Saturday, November 4, 2017

Humility the Antidote to Hypocrisy (31.A)

My great-aunt Dorothy lived to be almost a hundred years old by guiding her life according to a mysterious source of wisdom known as "they."

For instance, "they" say that eggs are bad for you.  And so, at 95, Aunt Dorothy decided to stop eating eggs.

Not that "they" is always right.  "They say coffee keeps you awake," she told me once, "but it's not true.  I never drink coffee yet I often have trouble sleeping."

Every once in a while "they" is completely off the wall, but there's no convincing Dorothy.  And of course it's pretty hard to refute an anonymous authority.

You and I might be too sophisticated to put much stock in what "they" say, but I'll bet almost every one of us likes to think about what "they" do.

Take today’s readings.  About whom are the first reading and gospel speaking?  Why "them" of course.  It's clear: the first reading is about Jewish priests, and the Gospel's about scribes and Pharisees.

Whew, that was close.  I'm not Jewish, or a scribe, or a pharisee.

But... oops.... I am a priest.  Maybe this passage is about priests, about religious leaders.  Not about them, but about me.  Perhaps I should preach about the faithlessness of the clergy, about hypocrisy and ambition in our ranks.

But there's two problems with that.  The first, of course, is that the betrayal of trust by a small number of priests and religious is something we've been dealing with for years, something that doesn't really need yet another analysis, however tragic and important that issue is.

But the second problem is that, for everyone except me and Father Giovanni, a homily about priests would be about "them."  They do this.  They don't do that.  If these texts are mainly to correct and instruct priests, they should be read on retreat, or in the breviary, or the clergy newsletter.

What's really important, in my view, is that each of us hear the Word as it applies to us, not to "them," not to others.

And these readings do apply to us: in a special way to us priests, certainly, but fundamentally to every baptized soul.   Because in baptism we are all called to a share in Christ's priesthood, just as by original sin we all have a share in whatever is was that made it easier for the scribes and Pharisees to preach faith than to practise it.
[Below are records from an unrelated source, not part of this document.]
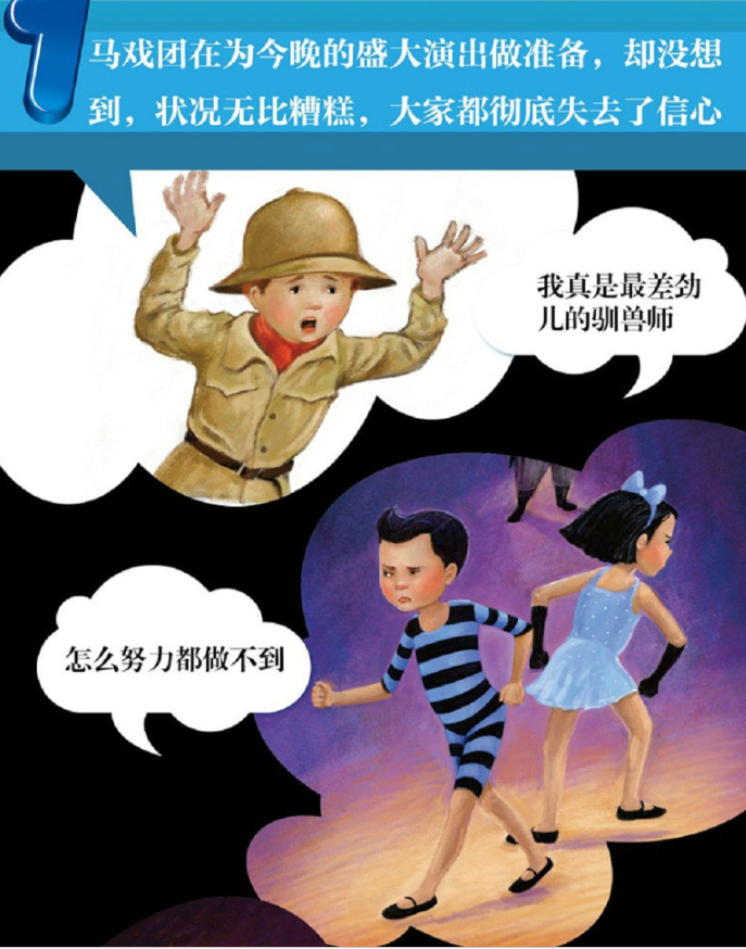 一场盛大的马戏团表演马上就要开始了,导演却发现所有人都出了问题:钻铁圈的狮子总是不成功,让驯兽师拉里灰心丧气;空中飞人组合一直无法完成后的关键动作,两个人都很生气;小丑骑着独轮自行车扔保龄球,却总是从自行车上摔下来,非常自责。大家遇到问题,自暴自弃,却没有想办法解决问题,导演决定帮助大家找回自信。在导演里克的帮助下,大家讨论了一些很有用的想法。马戏团的演员们又开始了新的练习,他们尽管还面临很多的失败和错误,但是大家都找到了自信,于是一场精彩的演出即将开始。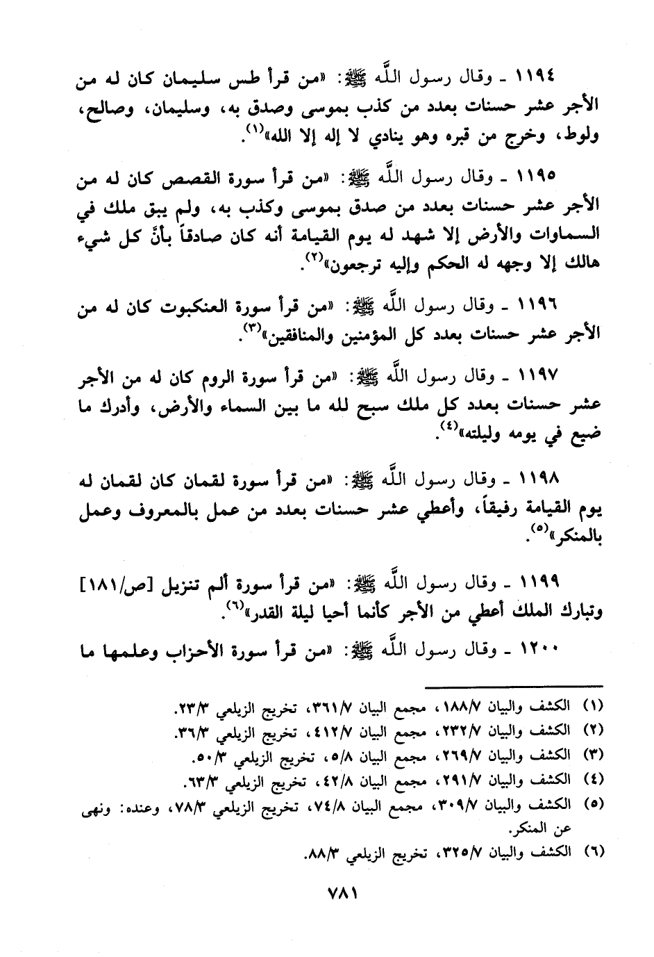 1194- وقال رسول الله صلى الله عليه وسلم: من قرأ طس سليمان كان له من الأجر عشر حسنات بعدد من كذب بموسى وصدق به وسليمان وصالح ولوط وخرج من قبره وهو ينادي لا إله إلا الله.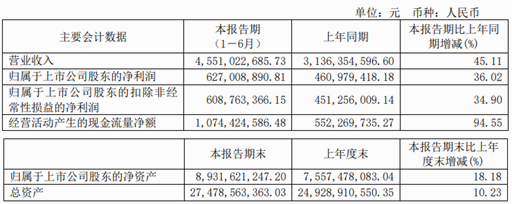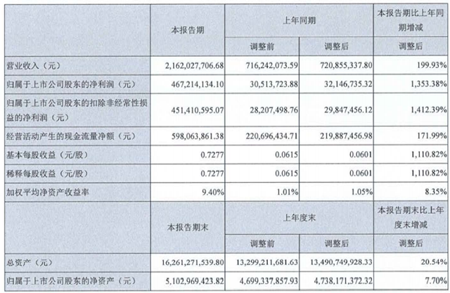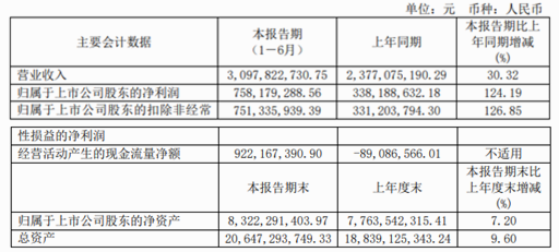 截至報(bào)告期內(nèi),公司經(jīng)營(yíng)狀況持續(xù)走高,實(shí)現(xiàn)營(yíng)業(yè)收入21.62億元,較上年增長(zhǎng)199.93%;實(shí)現(xiàn)歸母凈利潤(rùn)51.03億元,較上年增長(zhǎng)7.7%。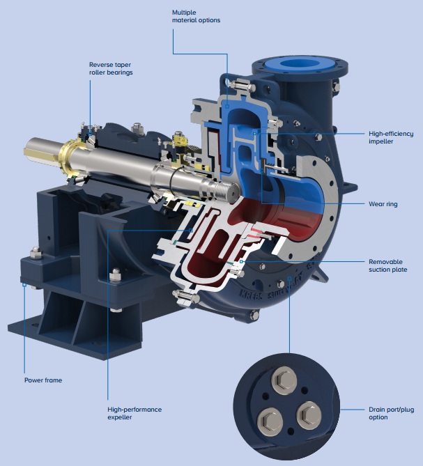 Bơm UMD-R là phiên bản bơm bùn được lót hoàn toàn bằng cao su, có vỏ tách rời, đặc biệt phù hợp với dải lưu lượng lớn và ăn mòn cao.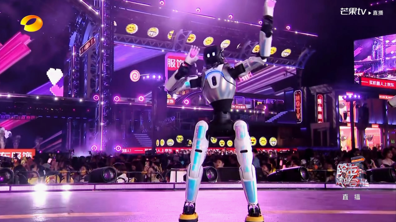 2025年12月31日,智元机推出首个“能文能武,唱跳全能”的机器人艺人天团登上京东《2025-2026 湖南卫视芒果 TV 跨年演唱会》,灵犀X2、远征A2、精灵G2、四足机器人D1的全能表现炸场跨晚,不仅与王心凌、王鹤棣同台演出,还化身机器人艺人走红毯、上舞台走秀、进入直播间卖货,用科技与文娱的碰撞,打造跨年夜现象级名场面。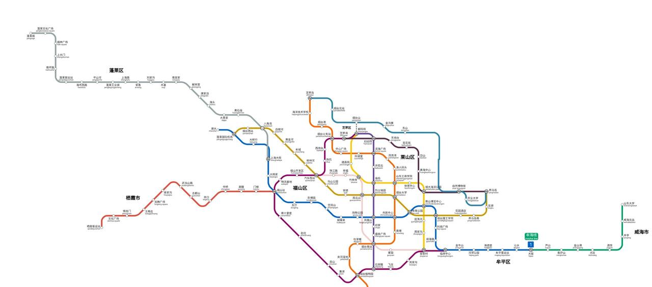 烟台地铁线路图(自制) 1号线:大窑~潮水 2号线:芝罘岛~回里 3号线:养马岛~蓬莱国际机场 4号线:临床中心~朝阳街 5号线:邹家村~朝阳街 6号线:朝阳街~石家瞳 7号线:养马岛~芝罘湾 8号线:汽车西站~邹家村 9号线:芝罘岛~养马岛 10号线:上海大街~蓬莱阁 11号线:福山站~栖霞客运站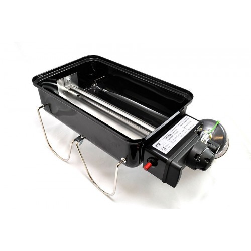 Plynový gril má úplně stejný design jako model na dřevěné uhlí. Je možno je použít prakticky kdekoliv, nebude nikoho rušit tím, že by otravoval okolí kouřem z briket. Plynový gril se připojuje k plynové kartuši, která není součástí dodávky, ale je možno je doobjednat zvlášť. Tělo grilu je vyrobeno z kvalitní smaltované oceli, která zaručuje vysokou stálost a snadnou údržbu. Na poklopu je odolné duroplastové madlo s tepleným štítem, které zaručuje bezpečí vaší ruky i při vyšších teplotách. Při přenášení slouží madlo k uchopení a při přenášení se madlo dá zachytit chytrými sklapovacími nožkami grilu. Stačí nohy sklopit, vzít za madlo a můžete vyrazit třeba do přírody. Hořáky z nerez oceli rovnoměrně rozmístí teplo po porcelánem smaltovém roštu a výkon si nastavíte pomocí plynule nastavitelného hořáku. Gril je dále vybaven systémem na zachycování tuku a grilovacích šťáv.

Today's liturgy puts before us those two scary H-words: humility and hypocrisy.  It challenges us to take a long and a hard look at ourselves.  Are we walking the talk?  Is our religious faith getting translated into daily life?

Today's scriptures offer caricatures of hypocrisy.  Priests who are so corrupt that they cause spiritual harm to their people.  Religious leaders who glory in social prestige and strut with self-importance.  Those things are easy to spot.  But what about the subtle, more pernicious, more soul-destroying kind of hypocrisy?  That's where we need to worry.

Some years ago, a newly-appointed member of the US cabinet urged the American people to "watch what we do and not what we say."  Unfortunately for him, the American people took him at his word and he went to jail.

But the credibility gap--the gap between our words and our deeds--is not just a danger for clergy or politicians.  I once knew a woman who attended Mass faithfully, donated regularly to the Church, and who ignored entirely the emotional and practical needs of an elderly relative living eight blocks away.  Is this not more dangerous than a fondness for titles or the seats of honour at a banquet?

Every once in a while we diagnose hypocrisy in a flash.  Like a bolt out of the blue I realize "my golly, I've got to do something about those long tassels on my phylacteries."  Much more often, we diagnose hypocrisy by self-examination, by reflection, by honest and prayerful thought.  We need to open our hearts to the Holy Spirit without having our defences in place.

But the diagnosis isn't the cure.  The antidote to hypocrisy is humility.  That's why today's psalm is crucial to God's message to us this Sunday.  It's about humility, the virtue that authenticates and orders all others.

You might call humility the DOS or the Windows--the operating system--of the spiritual life.  You can be filled with faith, hope or love and yet live in spiritual chaos if you take pride in these accomplishments.

I read once of an English archbishop sitting next to a nobleman at dinner who remarked “Your Grace, that chaplain of yours is a very extraordinary man."

The archbishop agreed, adding "Had he but the gift of humility, he would be the most extraordinary man in Europe."

We are all called to humility, not only because it is essential to authentic spirituality, but mostly because it is essential to the imitation of Christ—Christ, who did not cling to his equality with God but took the form of a slave, as St. Paul wrote.  And in the Gospel Jesus tells us directly: learn from me, for I am meek and humble of heart.

Today's psalm is the prayer of a humble person.  But if we make it our own, if we pray these words with expectation, we will eventually make the psalmist's words our own.